At a time when firmness and clarity were needed in reducing the State’s pay bill and establishing the foundations for economic recovery, Taoiseach Brian Cowen showed weakness and indecision. His behaviour has dismayed Fianna Fáil backbenchers; caused shock to the general public and set alarm bells ringing on financial markets.
Having insisted for months that €1.3 billion had to be cut from public pay and pensions in 2010 to stop the fiscal rot and to prevent any additional negative impact on welfare payments and other necessary services, the Taoiseach appeared to lose his nerve. Threatened by a one-day public sector strike, the Cabinet agreed to consider a system of unpaid leave days as an alternative to pay cuts, even though this approach had no prospect of delivering the necessary permanent savings.

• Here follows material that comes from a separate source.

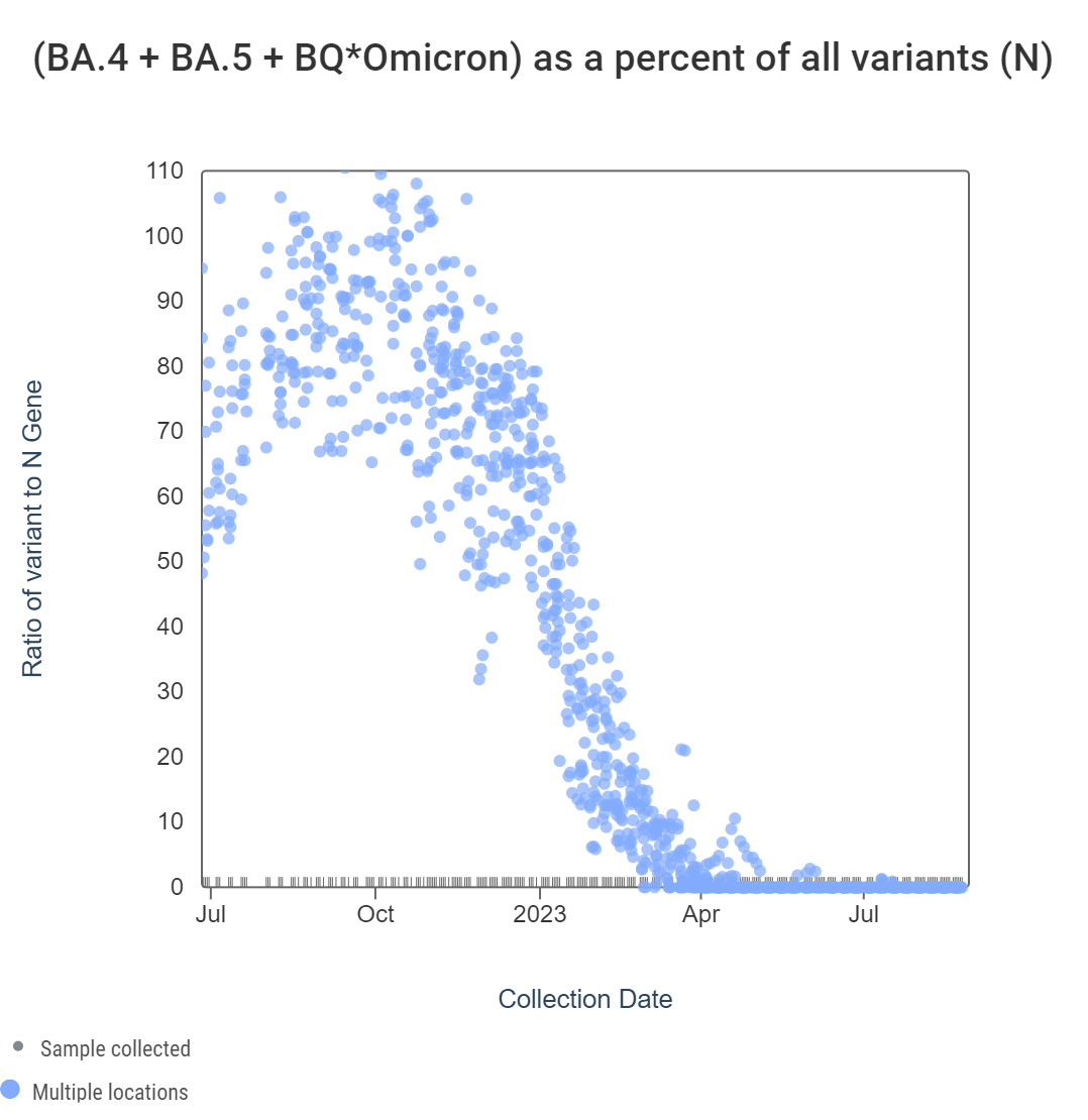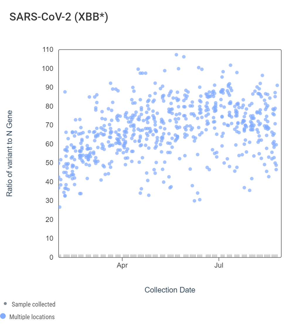 Early in 2023, WWSCAN started testing for XBB* and these results are available to view by selecting 'SARS-CoV-2 View by Variant' on data.wastewaterscan.org. For Georgia sites, data dates back to early February 2023 and can be seen in the chart below. The ratio of the XBB* mutations/N across all Georgia plants is shown in the left chart below. As the ratio reaches 100%, it suggests that all the SARS-CoV-2 genomes in wastewater have the XBB* mutations. These estimates have not changed much since our last update, and data indicate that the average ratio XBB* mutations/N is ~75% but has ranged from 40-100% recently. This suggests the majority of infections across the communities are caused by XBB*. The right chart below shows the ratio of the BA.5, BA.4, and BQ* mutation/N across all Georgia plants. Use this link to view the chart on the site. It can be read the same way as the XBB* chart. The average ratio is close to 0%. Note that our XBB* assay will also detect XBB.1.16, XBB.1.9, FD.2 (XBB.1.5.15.2*), and EG.5. Ho,wever the XBB* targets are NOT present in BA.2.86.

The central fault that bedevils Government strategy – concentration on short-term political objectives in their own backyard – has struck again. All the focus has been on the savings that have to be made in 2010, when a four-year retrenchment programme should be prepared and published. But, having announced a cut of €4 billion in public spending for next year, the Cabinet must now deliver. And no matter how “creative” an idea of 12 unpaid leave days might be, it is ripe for challenge by frontline public sector workers. Once an exception is allowed, projected savings will disappear. That is why estimates of its impact range from €300 million to €800 million. The shortfall between what the Government needs and the trade unions have offered is considerable. And the gap may be unbridgeable in view of the Taoiseach’s recent assertion that any savings in pay must be “permanent”.
The difficulties facing the Taoiseach are immense. Relations with the social partners have been damaged and he has forfeited the confidence of members of his own party. Even now, as talks continue at Government Buildings, the budget task may be so formidable that the public service unions cannot sign up to it. The partnership model may not work at a time of crisis. It may be too much to ask the public service unions to agree to €1.3 billion in cuts involving pay, pensions, leave days and whatever else. It is a time for the Government to lead public opinion in the national interest: but that leadership, sadly, is lacking.